Mais, dans le même mouvement, s’est évanouie la prévalence reconnue à l’ensemble, au « tous », au « Un » auquel chacun pouvait, dans le monde d’hier, se référer ; c’est en revanche la prévalence donnée à chacun, — à chaque un — c’est-à-dire à l’individu contraint à un « vivre ensemble », comme il est souvent dit aujourd’hui. Comme l’écrit joliment le philosophe Olivier Rey, « Je » était le singulier du « Nous », « Nous » devint le pluriel du « Je »[viii].

Autrement dit encore, la mutation opérée par l’évolution sociétale qui nous a menés d’un lien social hétéronome organisé sur le modèle de la religion (mais tout aussi bien du patriarcat) à la démocratie advenue (en congruence avec le développement des sciences) a bien entraîné un changement radical d’hégémonie culturelle.

Une crise de l’humanisation

La mutation de société que nous venons très succinctement de décrire mérite que l’on s’interroge sur les problèmes qu’elle soulève. Que nous nous débarrassions de l’hétéronomie une fois pour toutes, que nous fonctionnions de manière autonome, en quoi cela contreviendrait-il à organiser le vivre ensemble ?

A y regarder de plus près, il faudra bien convenir que rien ne s’oppose à cette mutation, qu’en soi, elle pourrait même être une évolution porteuse de possibles progrès, (fin du modèle patriarcal et de sa perpétuation dans l’appareil psychique, place donnée aux femmes dans le discours sociétal mais surtout au « féminin », possibilité de parole et de participation d’un chacun à la vie collective…) mais à la condition que l’on en saisisse les enjeux, car l’autonomie psychique soi-disant désormais acquise d’emblée n’est pas la même que celle qui se construit en se libérant de l’hétéronomie.

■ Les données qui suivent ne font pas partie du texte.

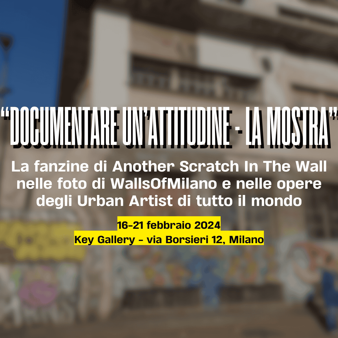 In 5 anni si possono fare tante cose. Another Scratch In The Wall, associazione culturale milanese nata sulla base dell’omonimo blog aperto nel 2014, ci ha messo esattamente questo lasso di tempo per mettere a punto, proporre e infine realizzare, nella città di Milano (e non solo), attività varie di divulgazione e comunicazione sul tema dell’Arte Urbana. E, alla fine del 2023, raccogliere tutti i suoi viaggi, i suoi progetti, i suoi successi e anche i suoi insuccessi in una fanzine, “Documentare un’attitudine”, dove le parole si alternano alle immagini. E proprio da qui muove l’esibizione “Documentare un’attitudine – la mostra”, una raccolta per immagini del primo, entusiasmante primo lustro di questa associazione culturale dal nome impronunciabile. Lo fa con l’aiuto di due amici imprescindibili e storici: WallsOfMilano, fotografo che in mostra espone le sue più iconiche foto scattate negli ultimi 15 anni di attività, e Key Gallery, alleata fondamentale che in mostra porta le opere di artisti di fama internazionale che la stessa associazione ha più volte avuto modo di raccontare al suo pubblico.

Simplement parce qu’en ce dernier cas, l’appareil psychique du sujet a eu le temps de se construire pour pouvoir ensuite s’autonomiser, alors que dans l’autonomie d’emblée acquise, le temps de cette construction psychique du sujet a pu être escamoté et n’a, dès lors, comme plus eu sa raison d’être. Mais, qui est alors ce sujet né de lui-même et d’emblée ? Autrement dit, se libérer est une chose, être libre en est une autre, car cette dernière ne donne pas les modalités pour user de sa liberté.

Ceci est d’autant plus important que chaque être humain doit s’approprier ce qui caractérise la spécificité de l’espèce. L’enfant est bien, au début de sa vie, cet in-fans, ce non — (encore) — parlant qui va devoir intégrer ce que parler implique et il ne pourra le faire que si d’autres autour de lui parlent avant lui. Donc, se trouve d’emblée inscrite au programme, une dépendance à l’égard de ses premiers autres qui va à l’encontre de cette autonomie allant aujourd’hui d’emblée de soi, auto-construite.

Voilà pourquoi je soutiens que nous sommes dans une crise inédite de l’humanisation, le terme de « crise’ signifiant ici moment de traversée particulièrement difficile. Simplement parce qu’est aujourd’hui devenue obsolète la manière de transmettre la nécessité de la perte qu’exige l’humanisation, laquelle passait depuis plus de vingt-cinq siècles par l’instance paternelle qui, elle-même, se soutenait pour sa légitimité de l’organisation sociétale patriarcale.

Remarquons néanmoins que cette péremption est encore loin d’avoir atteint tous les habitants de la Terre, car ce n’est que dans nos sociétés dites occidentales que le patriarcat a pu être radicalement remis en question. De ce fait, spontanément, nous n’acquiesçons plus à l’architecture symbolique du monde d’hier. Désenchantement du monde oblige !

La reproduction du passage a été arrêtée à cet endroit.